> What to do: Set every line of the data down again exactly, and keep the pictures out.
───── Data to use ─────
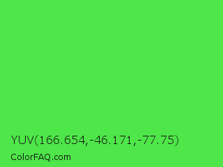 YUV 166.654,-46.171,-77.75 Color is a normal green color and the nearest color is Lime Green #32cd32. Hex code #4ee649 and RGB value is rgb(78,230,73). In RGB color space, this color is composed of 31% red, 90% green, 29% blue, In CMYK color space, this color is composed of 66% cyan, 0% magenta, 68% yellow , 10% black , In HSL color space, this color has a hue angle of 118° , 76% saturation and 59% lightness.
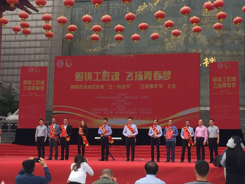 4月27日下午3點(diǎn),綿陽市游仙區(qū)慶祝“五一勞動(dòng)節(jié)”、“五四青年節(jié)”大會(huì)在越王樓廣場(chǎng)舉行。我公司新材料研發(fā)部部長(zhǎng)黃杰榮獲綿陽市游仙區(qū)2017年“工人先鋒”稱號(hào),并在本次大會(huì)上受到表彰。
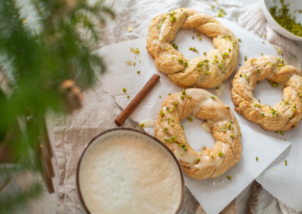 Die Flachswickelkränze sind so lecker, haben einen knusprigen Boden, sind buttrig und vielschichtig und die Glasur aus Puderzucker und Orangensaft passt super dazu. Etwas kleingehackte Pistazien on top lassen es wie kleine Kränze aussehen.
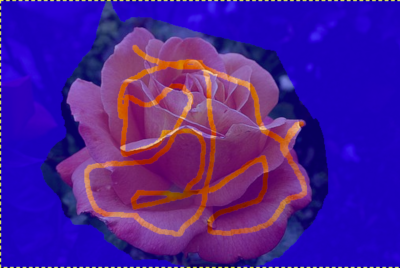 The mouse pointer now changes into a Paintbrush icon with a circle. The dark blue area (this color can be changed) shows the background. The lighter area covers the zone you have selected as foreground and a small part of background. Outside the selected area, the dark blue area is called the Unknown pixels area.
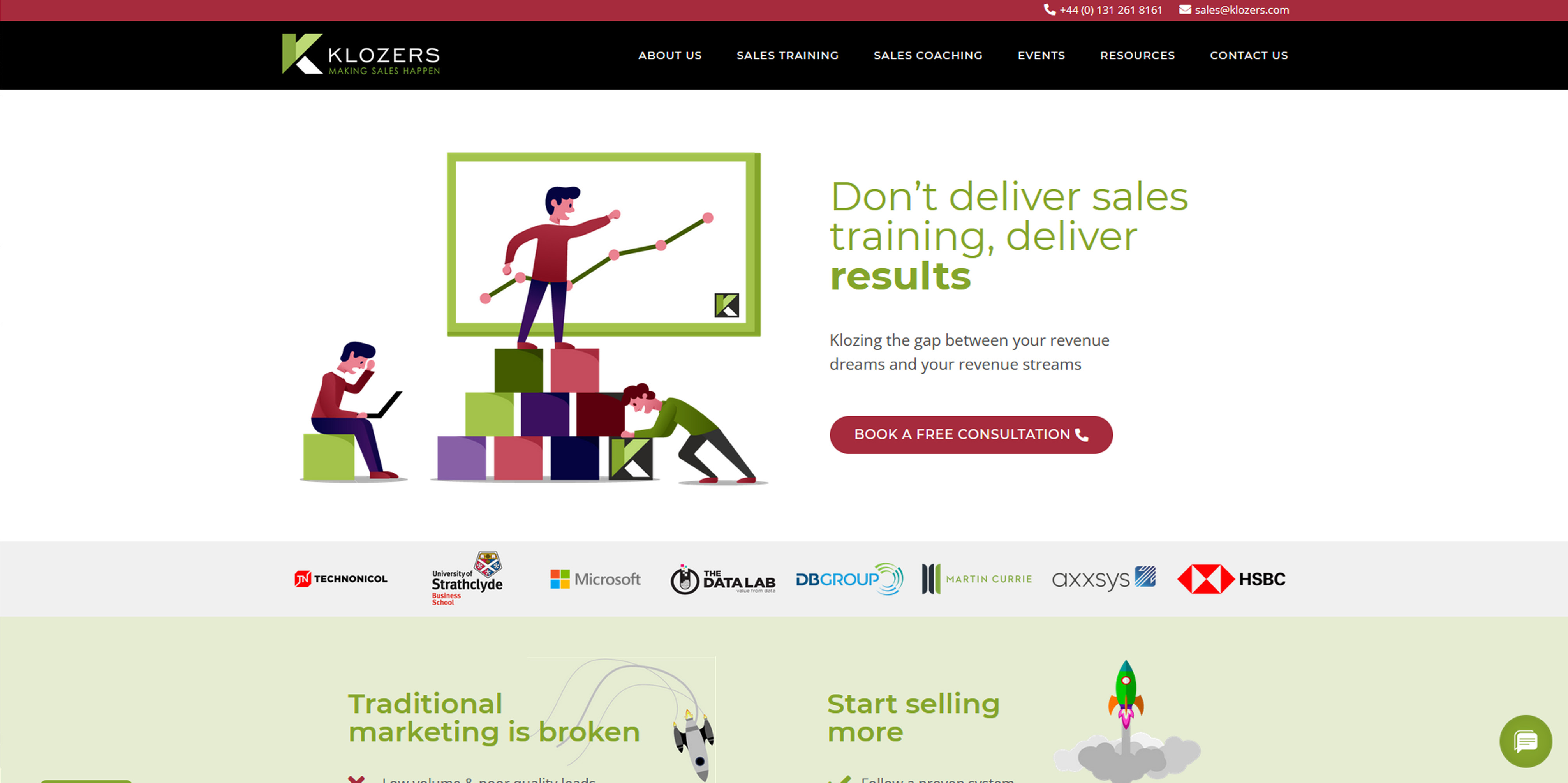 Some of our main services here at Klozers include SaaS sales training courses, consultative selling skills training courses, key account management training, sales management training courses, telesales training courses, enterprise sales training, bespoke sales training, B2B lead generation courses, executive sales coaching, sales performance coaching and more. We have worked with leading UK brands such as Technonicol, University of Strathclyde, Microsoft, The Data Lab, DB Group, Martin Currie, Axxys, HSBC and various others.
─────
> Result for this task:
 YUV 166.654,-46.171,-77.75 Color is a normal green color and the nearest color is Lime Green #32cd32. Hex code #4ee649 and RGB value is rgb(78,230,73). In RGB color space, this color is composed of 31% red, 90% green, 29% blue, In CMYK color space, this color is composed of 66% cyan, 0% magenta, 68% yellow , 10% black , In HSL color space, this color has a hue angle of 118° , 76% saturation and 59% lightness.
 4月27日下午3點(diǎn),綿陽市游仙區(qū)慶祝“五一勞動(dòng)節(jié)”、“五四青年節(jié)”大會(huì)在越王樓廣場(chǎng)舉行。我公司新材料研發(fā)部部長(zhǎng)黃杰榮獲綿陽市游仙區(qū)2017年“工人先鋒”稱號(hào),并在本次大會(huì)上受到表彰。
 Die Flachswickelkränze sind so lecker, haben einen knusprigen Boden, sind buttrig und vielschichtig und die Glasur aus Puderzucker und Orangensaft passt super dazu. Etwas kleingehackte Pistazien on top lassen es wie kleine Kränze aussehen.
 The mouse pointer now changes into a Paintbrush icon with a circle. The dark blue area (this color can be changed) shows the background. The lighter area covers the zone you have selected as foreground and a small part of background. Outside the selected area, the dark blue area is called the Unknown pixels area.
 Some of our main services here at Klozers include SaaS sales training courses, consultative selling skills training courses, key account management training, sales management training courses, telesales training courses, enterprise sales training, bespoke sales training, B2B lead generation courses, executive sales coaching, sales performance coaching and more. We have worked with leading UK brands such as Technonicol, University of Strathclyde, Microsoft, The Data Lab, DB Group, Martin Currie, Axxys, HSBC and various others.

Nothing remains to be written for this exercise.